> **SUPPLIED MATERIAL**
-- Opening Marker --
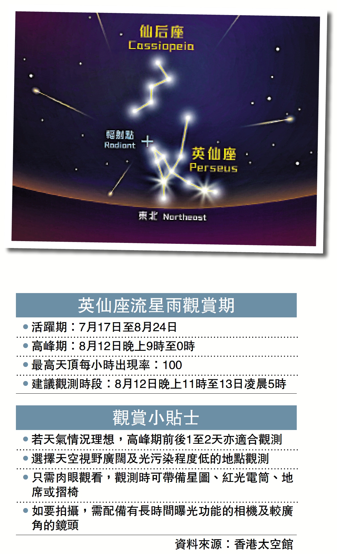 今年英仙座流星雨的活躍期為7月17日至8月24日,高峰期在8月12日,預計流星雨輻射點會在晚上約10時從東北方升起,隨着輻射點位置升高,流星的數量亦會隨之增加。高峰期當晚為農曆初九,月球將於約11時半下山,建議於晚上11時至翌日凌晨5時觀測,天頂每小時出現率可達100,本地觀測條件評級為「良好」。
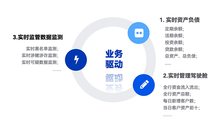 場(chǎng)景二:實(shí)時(shí)管理駕駛艙:通過實(shí)時(shí)獲取交易動(dòng)賬,對(duì)全行級(jí)別的資金流入流出金額、客戶資產(chǎn)、申貸金額及人數(shù)等指標(biāo)進(jìn)行實(shí)時(shí)展示;
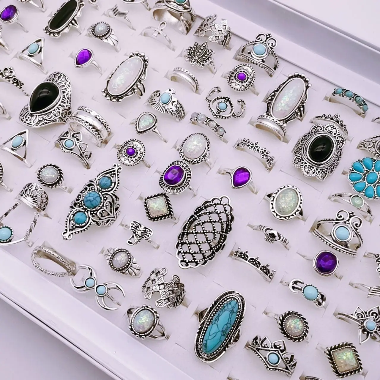 Оптом 100 шт./партия Кольца для мужчин и женщин винтажные богемные парные красочные драгоценные камни ювелирные кольца Любовь Свадебные фотообои подарки новая смесь
-- Closing Marker --
> **WHAT THIS TASK INVOLVES**
Transcribe all of the material exactly, leaving out whatever pictures it contains.

> **WRITTEN RESPONSE**
 今年英仙座流星雨的活躍期為7月17日至8月24日,高峰期在8月12日,預計流星雨輻射點會在晚上約10時從東北方升起,隨着輻射點位置升高,流星的數量亦會隨之增加。高峰期當晚為農曆初九,月球將於約11時半下山,建議於晚上11時至翌日凌晨5時觀測,天頂每小時出現率可達100,本地觀測條件評級為「良好」。
 場(chǎng)景二:實(shí)時(shí)管理駕駛艙:通過實(shí)時(shí)獲取交易動(dòng)賬,對(duì)全行級(jí)別的資金流入流出金額、客戶資產(chǎn)、申貸金額及人數(shù)等指標(biāo)進(jìn)行實(shí)時(shí)展示;
 Оптом 100 шт./партия Кольца для мужчин и женщин винтажные богемные парные красочные драгоценные камни ювелирные кольца Любовь Свадебные фотообои подарки новая смесь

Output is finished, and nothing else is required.